→ Your assignment
Leaving out every line that comes before the one containing "此次調查獲得供應商積極響應,問卷回收率高", output the rest of the records exactly, the final line included.

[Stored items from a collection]
————————
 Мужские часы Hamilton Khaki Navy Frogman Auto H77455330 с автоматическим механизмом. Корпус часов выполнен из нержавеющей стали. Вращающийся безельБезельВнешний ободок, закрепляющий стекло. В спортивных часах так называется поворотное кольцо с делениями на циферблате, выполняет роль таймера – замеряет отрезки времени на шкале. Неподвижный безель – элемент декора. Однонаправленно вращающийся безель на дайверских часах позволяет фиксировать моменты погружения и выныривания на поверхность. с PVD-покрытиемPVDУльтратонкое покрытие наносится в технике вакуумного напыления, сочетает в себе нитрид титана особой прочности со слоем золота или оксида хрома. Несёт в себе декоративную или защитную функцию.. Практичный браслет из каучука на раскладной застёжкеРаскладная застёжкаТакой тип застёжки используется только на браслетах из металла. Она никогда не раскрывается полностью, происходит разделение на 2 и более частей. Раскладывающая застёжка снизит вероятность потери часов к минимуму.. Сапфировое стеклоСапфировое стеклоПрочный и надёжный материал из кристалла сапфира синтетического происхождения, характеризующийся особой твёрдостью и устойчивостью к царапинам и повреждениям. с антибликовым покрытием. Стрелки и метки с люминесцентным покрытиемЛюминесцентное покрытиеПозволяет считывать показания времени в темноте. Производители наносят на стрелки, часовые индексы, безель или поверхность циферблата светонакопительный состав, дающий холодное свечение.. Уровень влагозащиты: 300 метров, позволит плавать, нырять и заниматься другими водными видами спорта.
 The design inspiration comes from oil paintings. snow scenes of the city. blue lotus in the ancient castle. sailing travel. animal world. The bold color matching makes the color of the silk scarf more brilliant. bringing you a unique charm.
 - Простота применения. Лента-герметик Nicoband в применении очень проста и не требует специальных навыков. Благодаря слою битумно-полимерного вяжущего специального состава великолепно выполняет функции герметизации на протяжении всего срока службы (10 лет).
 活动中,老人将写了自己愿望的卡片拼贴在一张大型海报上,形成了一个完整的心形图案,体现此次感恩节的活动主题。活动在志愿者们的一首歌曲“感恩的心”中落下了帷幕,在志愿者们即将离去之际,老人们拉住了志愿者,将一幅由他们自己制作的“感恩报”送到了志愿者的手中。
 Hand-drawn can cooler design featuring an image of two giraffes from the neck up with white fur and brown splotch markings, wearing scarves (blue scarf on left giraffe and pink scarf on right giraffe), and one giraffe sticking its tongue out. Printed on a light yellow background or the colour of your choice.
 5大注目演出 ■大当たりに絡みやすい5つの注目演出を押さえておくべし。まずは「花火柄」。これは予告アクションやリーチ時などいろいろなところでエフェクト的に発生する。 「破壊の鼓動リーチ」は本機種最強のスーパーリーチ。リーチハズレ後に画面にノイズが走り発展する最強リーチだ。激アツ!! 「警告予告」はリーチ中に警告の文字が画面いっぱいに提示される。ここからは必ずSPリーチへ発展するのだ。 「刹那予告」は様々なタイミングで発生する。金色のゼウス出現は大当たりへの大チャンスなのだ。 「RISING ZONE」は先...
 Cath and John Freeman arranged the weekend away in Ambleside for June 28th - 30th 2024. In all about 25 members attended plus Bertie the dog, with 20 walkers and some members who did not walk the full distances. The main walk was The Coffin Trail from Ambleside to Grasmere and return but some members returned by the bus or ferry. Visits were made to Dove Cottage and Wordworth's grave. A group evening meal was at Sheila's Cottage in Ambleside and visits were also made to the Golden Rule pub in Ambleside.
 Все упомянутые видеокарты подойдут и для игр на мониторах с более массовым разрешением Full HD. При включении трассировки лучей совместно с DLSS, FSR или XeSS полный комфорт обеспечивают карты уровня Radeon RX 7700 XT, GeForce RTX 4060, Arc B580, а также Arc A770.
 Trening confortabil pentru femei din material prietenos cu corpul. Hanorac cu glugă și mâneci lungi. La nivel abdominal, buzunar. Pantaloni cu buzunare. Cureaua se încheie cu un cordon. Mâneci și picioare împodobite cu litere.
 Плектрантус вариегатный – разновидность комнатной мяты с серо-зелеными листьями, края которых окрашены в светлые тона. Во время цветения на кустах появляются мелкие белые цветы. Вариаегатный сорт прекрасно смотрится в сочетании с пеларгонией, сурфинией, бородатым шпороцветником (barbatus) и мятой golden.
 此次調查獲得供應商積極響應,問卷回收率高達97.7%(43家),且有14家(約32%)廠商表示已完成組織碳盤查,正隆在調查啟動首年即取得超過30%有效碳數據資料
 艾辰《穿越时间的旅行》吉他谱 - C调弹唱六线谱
————————
→ The completed task
 此次調查獲得供應商積極響應,問卷回收率高達97.7%(43家),且有14家(約32%)廠商表示已完成組織碳盤查,正隆在調查啟動首年即取得超過30%有效碳數據資料
 艾辰《穿越时间的旅行》吉他谱 - C调弹唱六线谱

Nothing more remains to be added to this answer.